LAWRENCE, David Herbert
L'amant de Lady Chatterley
Constance, comme sa soeur Hilda, est issue d'un milieu bourgeois intellectuel progressiste, non puritain. Les deux soeurs se déniaisent pendant leurs études en Allemagne. Cependant, si elles offrent volontiers leur corps à leurs jeunes amants, elles considèrent cette étape comme une sorte de passage obligé vers une plus grande intimité intellectuelle, plutôt que comme un réel plaisir. Hilda, farouchement indépendante, ne quittera pas cette ligne, considérant le sexe comme une soumission mal venue au plaisir masculin.
A leur retour en Angleterre, les deux soeurs se marient. Constance épouse Sir Clifford, un aristocrate ancré dans sa terre des Midlands, devenu un bassin minier d'une incontestable laideur. La guerre de 14-18 ravit à Clifford ses jambes et sa puissance sexuelle. Il compense cette perte par l'écriture de nouvelles qui connaissent un certain succès. Constance l'aide de son mieux dans cette tâche. Elle est cependant bien vite écrasée d'ennui, frappée par l'insignifiance de l'oeuvre de son mari et de toute forme d'offrande à la déesse-chienne du succès. Son père, qui la voit dépérir, lui conseille de prendre un amant. Le premier, Michaelis, s'il lui donne quelque plaisir, ne lui réchauffe pas réellement les entrailles. Quelque temps plus tard, elle noue une relation, d'abord pleine de défiance, puis passionnelle, avec le garde-chasse de son mari, un ancien officier, Mellors, qui vit séparé de sa femme. Progressivement, celui-ci fait naître en elle une nouvelle femme. Entre eux flambe une étincelle de vie, fragile, sensuelle et ardente, immédiatement menacée par leur environnement : convenances, mariages, poids d'un monde dévirilisé, désincarné, intéressé seulement par l'argent. Après un voyage à Venise pour Constance et quelques tergiversations, chacun est bien décidé à obtenir de son côté le divorce pour pouvoir vivre avec l'autre, pour accueillir l'enfant que porte Constance et faire vivre la petite étincelle qui les relie l'un à l'autre.
Roman à thèse, au style parfois pesant (problème de traduction ?), l'oeuvre constitue une charge contre les sociétés anglo-saxonnes (et occidentales en général), contre l'industrialisation, sa hideur et la perte de sens qu'elle implique, contre l'étouffement de l'instinct sexuel.
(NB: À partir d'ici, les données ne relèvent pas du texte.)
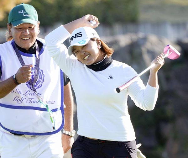 最終18番バーディーで勝負を決めた鈴木(C)共同通信社

Pour Lawrence, un homme est homme non pas en quêtant une originalité individuelle, mais en assumant avec le plus d'intensité possible ce qu'il a de commun avec tous, le sexe. Le principal intérêt du livre par rapport à d'autres traitant du même thème (la femme adultère révélée à elle-même), c'est que la place donnée à l'Amour (l'“Hamour” comme dit Montherlant) et à la religion est bien maigre, voire inexistante. C'est le sexe, la complicité sexuelle qui créent l'étincelle et Lawrence n'emballe pas cela de lyrisme sentimental. D'autre part, il n'est point question de pècheresse, de devoir, de remords, de sainte pudeur et de sainte résistance, de cas de conscience déchirant ni de fatale malédiction venant punir les amants. Si obstacles il y a, ils viennent de la hiérarchie sociale, d'une société anglaise présentée comme émasculée, des doutes de chacun quant à la façon de mener sa vie, et de la modernité (industrialisation, argent, mais aussi une certaine forme de féminisme incarnée par Hilda).